▶

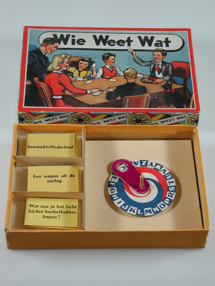 Voorloper van Pim Pam Pet. Vraag en antwoord spel. Inhoud doos bestaat uit draaischijf en kaartjes met vragen.- Trefwoorden
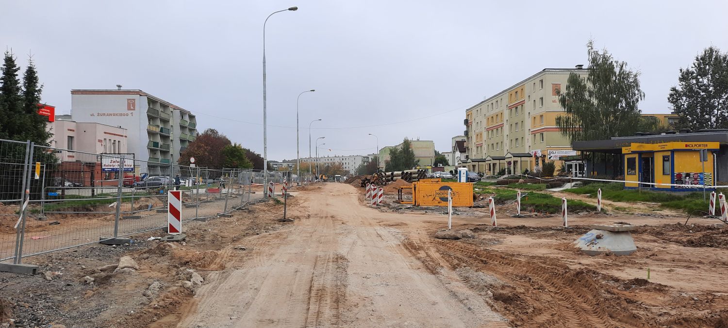 Budowa linii tramwajowej w ulicy Wilczyńskiego, w okolicach skrzyżowania z ulicą Panasa (2 października 2021) © OlsztyńskieTramwaje.pl
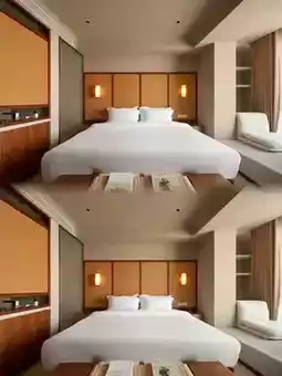 On the super large bed, the soft white bedding is as fluffy as clouds. Lying down feels like being gently embraced, making me feel like I could sleep soundly until morning~ At the foot of the bed, a wooden low bench neatly holds folded towels and a few interesting books. Flipping through a few pages before sleep is pure bliss.
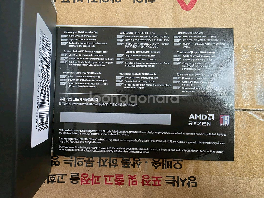 개인정보(거래정보)를 주고받는 행위는 사기에 노출될 수 있으므로 즉시 중고나라로 신고해 주세요붉은사막 게임쿠폰 판매합니다. 9800x3d cpu 구매하고 받은 게임쿠폰으로 해당 게임 하지 않아 판매합니다. 코드를 긁어서 사진 보내드릴 수는 있으나 대리등록은 불가합니다.
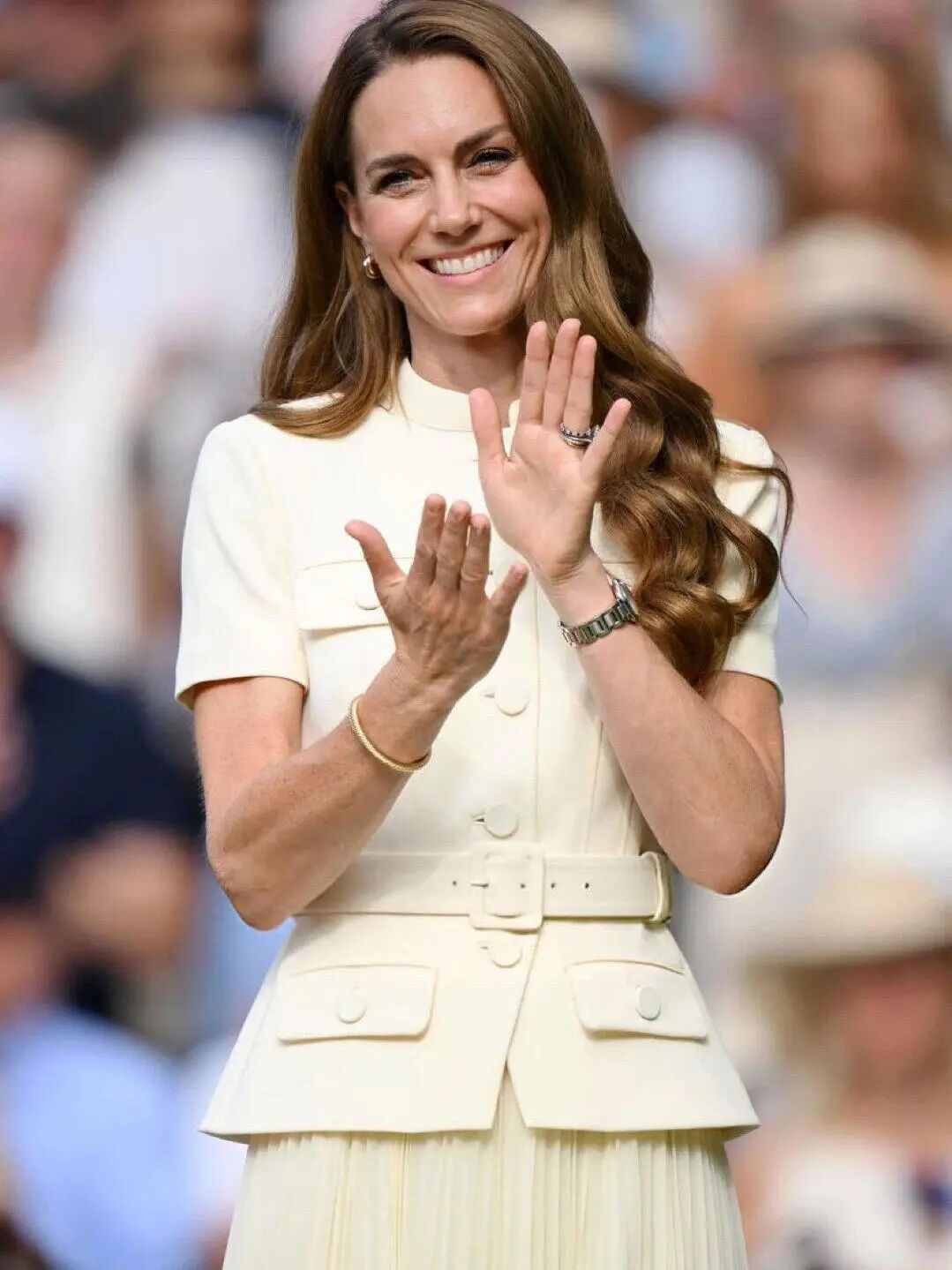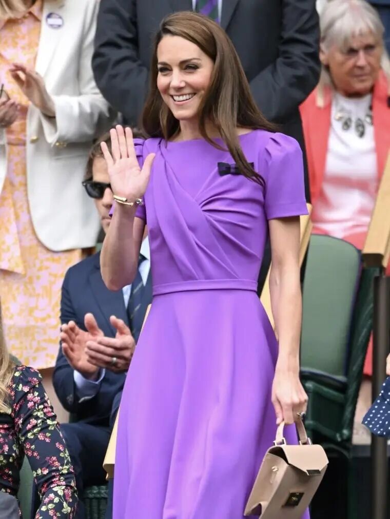 当然,网球场的优雅从不局限于白色。凯特王妃每次的亮相都给温网带来了更多典雅、贵气的色彩。今年女单决赛上,她一袭淡黄色套装温婉亮相,用清新柔和的色调诠释了夏日的轻盈与明亮;而去年的颁奖典礼上,那身与紫色蝴蝶结胸针巧妙呼应的紫色Cecilia连衣裙,则更显典雅明艳,为绿茵赛场注入一抹高贵气息。
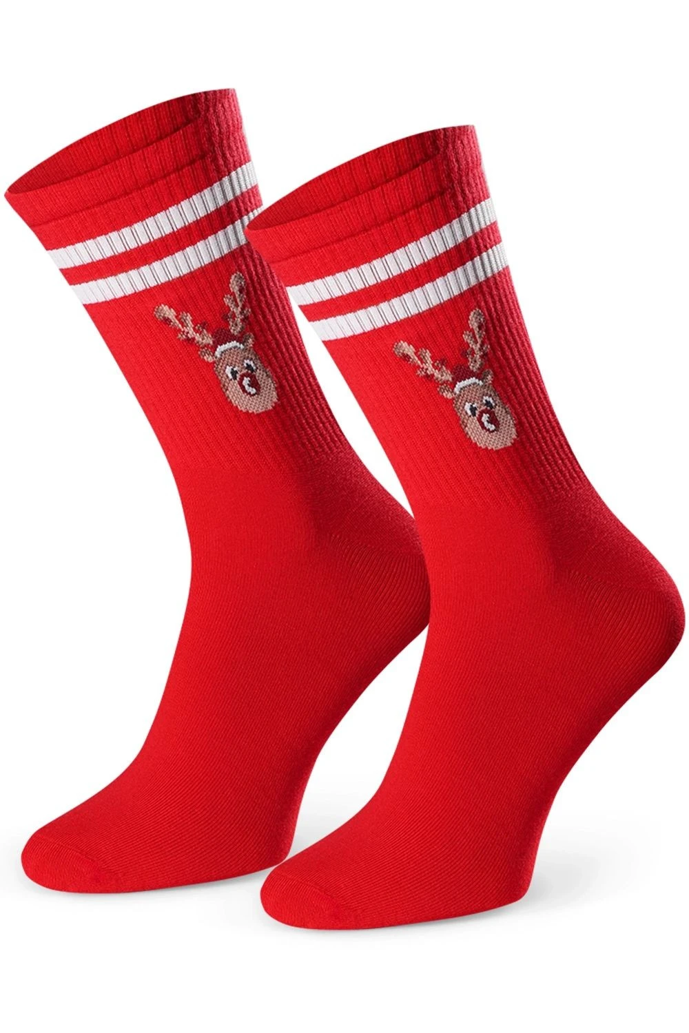 Pánské ponožky 136 152 Steven - červená barva - z vysoce jakostní bavlny - s protiskluzovou podešví - měkké, teplé, pohodlné a ideální pro chladné dny - vánoční kolekce
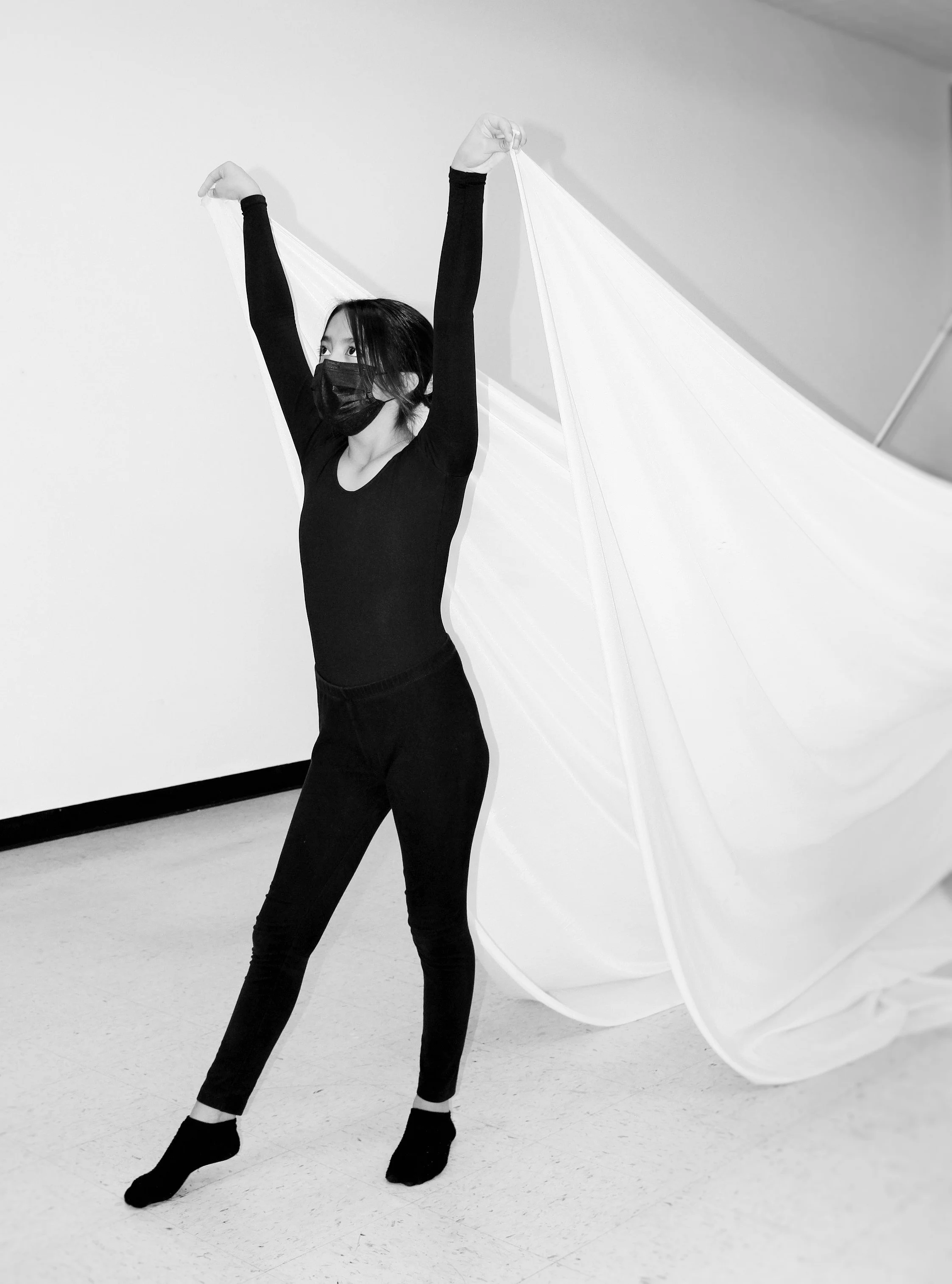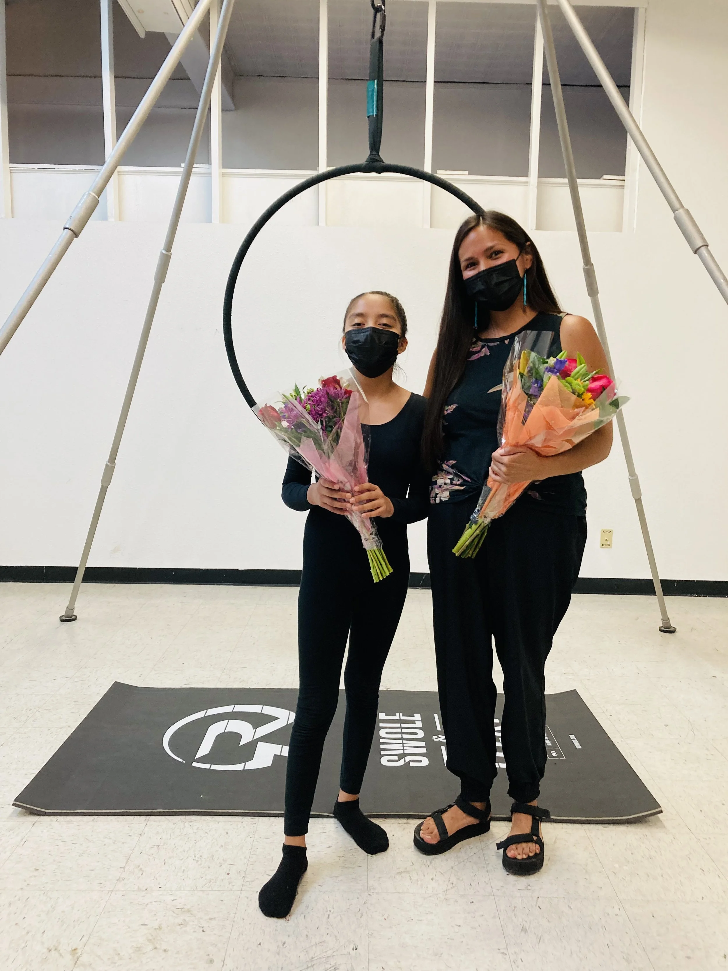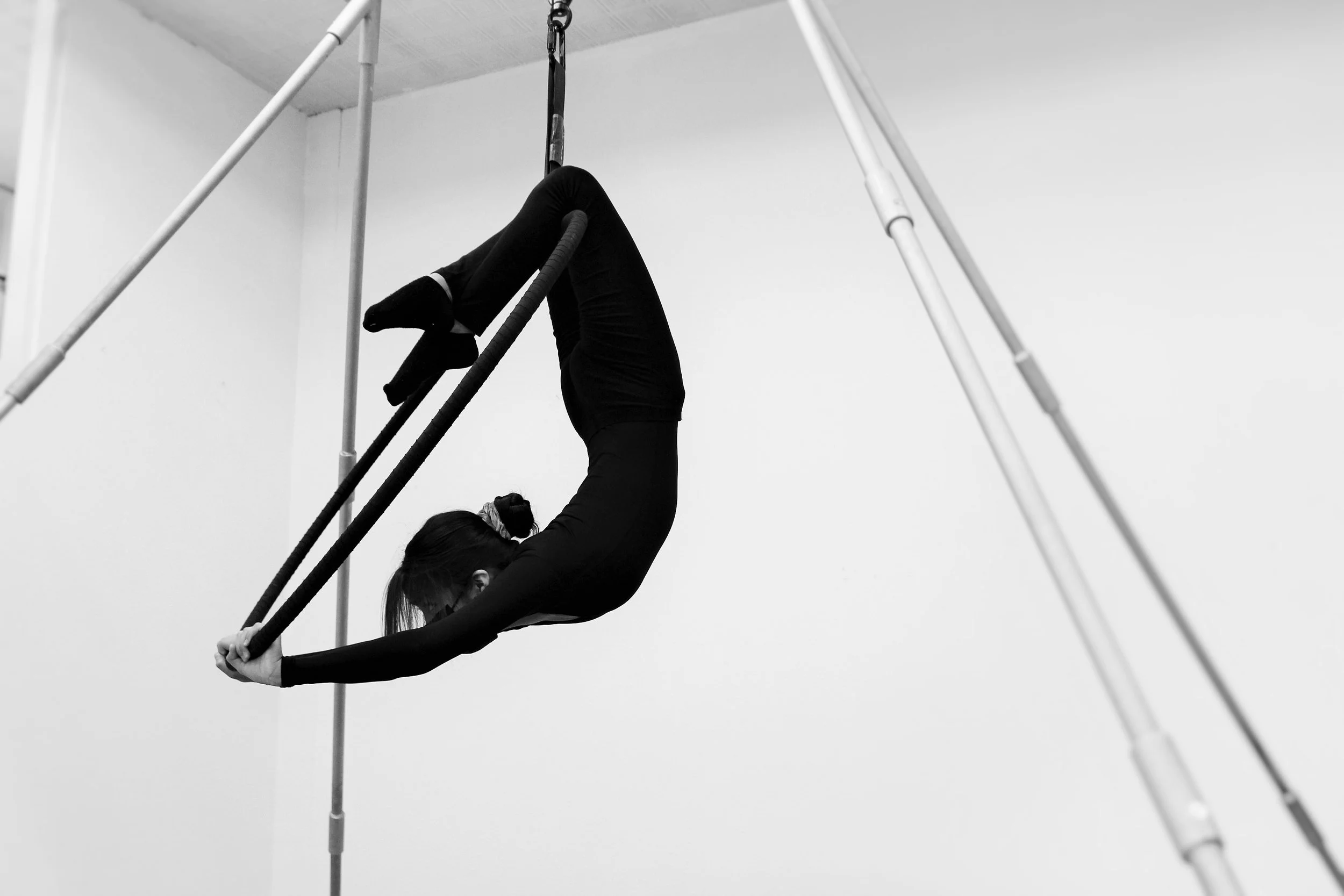 above black and white images: Jade B. pictured during the completion of her aerial art 8-week intensive. hosted by Gallup Arts at ART123 in downtown Gallup, New Mexico.
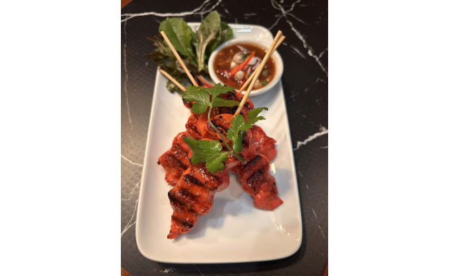 Marinaded pork grilled on wooden skewers. Served with sticky rice and sweet chili sauce.
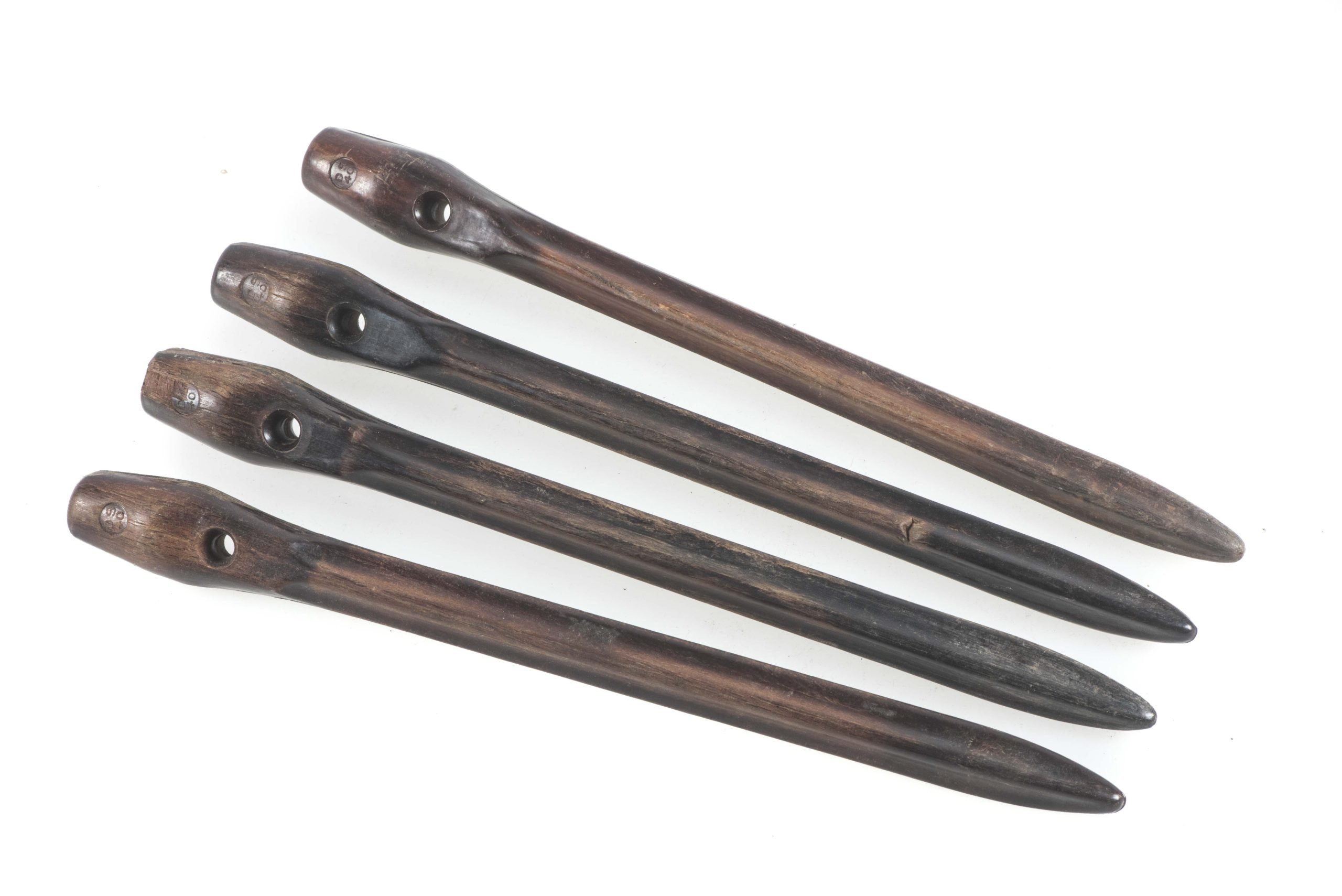 Four matching Zeltbahn pegs marked DS 40
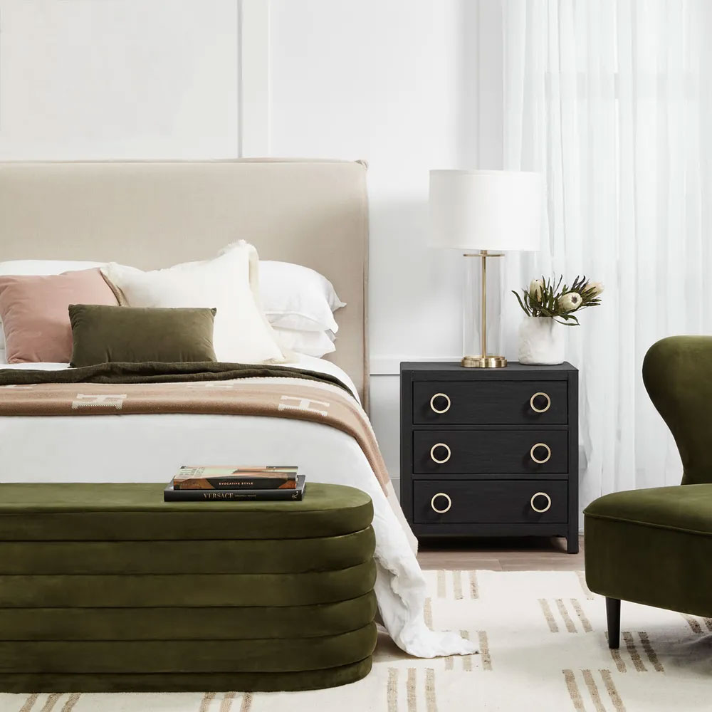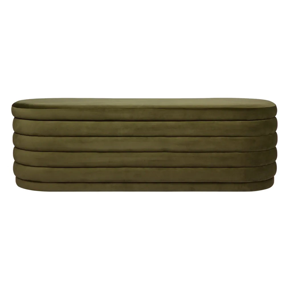 Designed with an effortlessly chic cosmopolitan mood in mind, the panelling detail of the Demi storage bench ottoman enhances its textural quality and adds to its contemporary curve appeal while the delicious olive tone adds personality, bringing the calming tones of nature indoors.

◀

** WORK REQUIRED **
Restate the whole listing word for word. Omit the pictures.

** REPLY **
 Voorloper van Pim Pam Pet. Vraag en antwoord spel. Inhoud doos bestaat uit draaischijf en kaartjes met vragen.- Trefwoorden
 Budowa linii tramwajowej w ulicy Wilczyńskiego, w okolicach skrzyżowania z ulicą Panasa (2 października 2021) © OlsztyńskieTramwaje.pl
 On the super large bed, the soft white bedding is as fluffy as clouds. Lying down feels like being gently embraced, making me feel like I could sleep soundly until morning~ At the foot of the bed, a wooden low bench neatly holds folded towels and a few interesting books. Flipping through a few pages before sleep is pure bliss.
 개인정보(거래정보)를 주고받는 행위는 사기에 노출될 수 있으므로 즉시 중고나라로 신고해 주세요붉은사막 게임쿠폰 판매합니다. 9800x3d cpu 구매하고 받은 게임쿠폰으로 해당 게임 하지 않아 판매합니다. 코드를 긁어서 사진 보내드릴 수는 있으나 대리등록은 불가합니다.
 当然,网球场的优雅从不局限于白色。凯特王妃每次的亮相都给温网带来了更多典雅、贵气的色彩。今年女单决赛上,她一袭淡黄色套装温婉亮相,用清新柔和的色调诠释了夏日的轻盈与明亮;而去年的颁奖典礼上,那身与紫色蝴蝶结胸针巧妙呼应的紫色Cecilia连衣裙,则更显典雅明艳,为绿茵赛场注入一抹高贵气息。
 Pánské ponožky 136 152 Steven - červená barva - z vysoce jakostní bavlny - s protiskluzovou podešví - měkké, teplé, pohodlné a ideální pro chladné dny - vánoční kolekce
 above black and white images: Jade B. pictured during the completion of her aerial art 8-week intensive. hosted by Gallup Arts at ART123 in downtown Gallup, New Mexico.
 Marinaded pork grilled on wooden skewers. Served with sticky rice and sweet chili sauce.
 Four matching Zeltbahn pegs marked DS 40
 Designed with an effortlessly chic cosmopolitan mood in mind, the panelling detail of the Demi storage bench ottoman enhances its textural quality and adds to its contemporary curve appeal while the delicious olive tone adds personality, bringing the calming tones of nature indoors.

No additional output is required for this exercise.